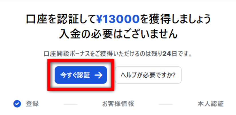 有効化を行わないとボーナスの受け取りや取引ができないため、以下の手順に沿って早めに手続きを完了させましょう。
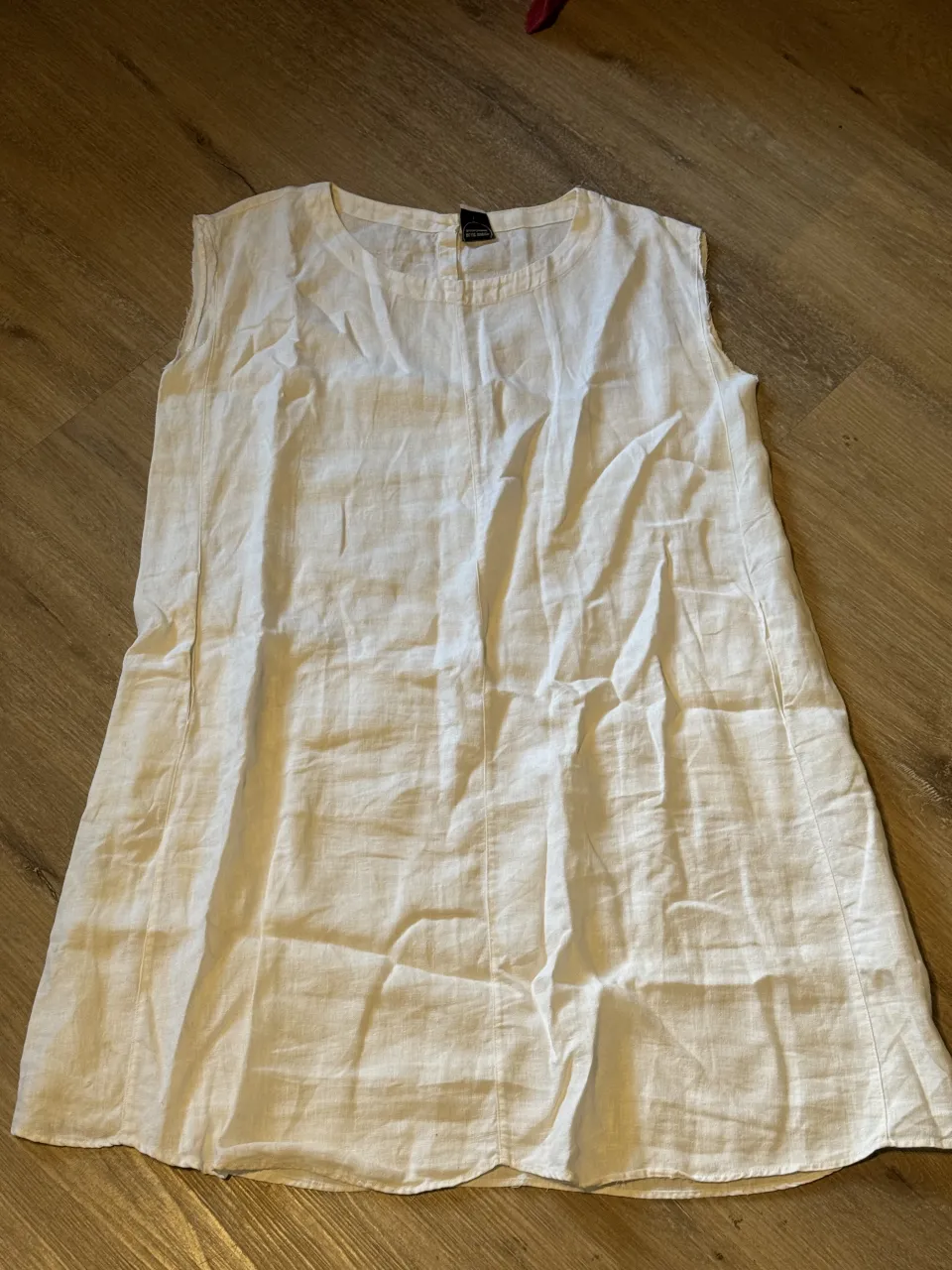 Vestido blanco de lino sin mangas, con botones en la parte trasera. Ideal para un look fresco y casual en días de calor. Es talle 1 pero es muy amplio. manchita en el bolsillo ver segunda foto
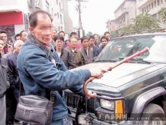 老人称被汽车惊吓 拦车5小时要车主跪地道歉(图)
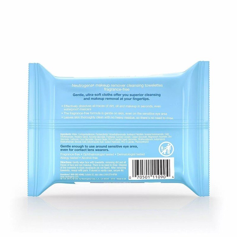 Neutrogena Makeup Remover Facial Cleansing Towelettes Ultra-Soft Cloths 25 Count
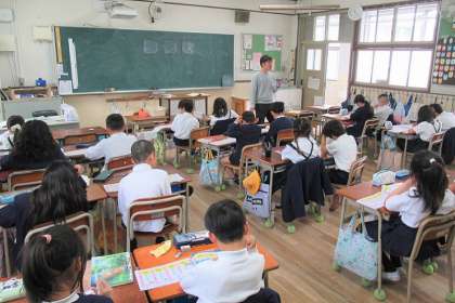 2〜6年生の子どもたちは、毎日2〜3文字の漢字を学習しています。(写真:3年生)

+++

> WORK REQUEST: Copy out, without any pictures, the lines of the records above from the one containing "Neutrogena Makeup Remover" through the final line, both ends included.

> TASK RESULT:
 Neutrogena Makeup Remover Facial Cleansing Towelettes Ultra-Soft Cloths 25 Count
 2〜6年生の子どもたちは、毎日2〜3文字の漢字を学習しています。(写真:3年生)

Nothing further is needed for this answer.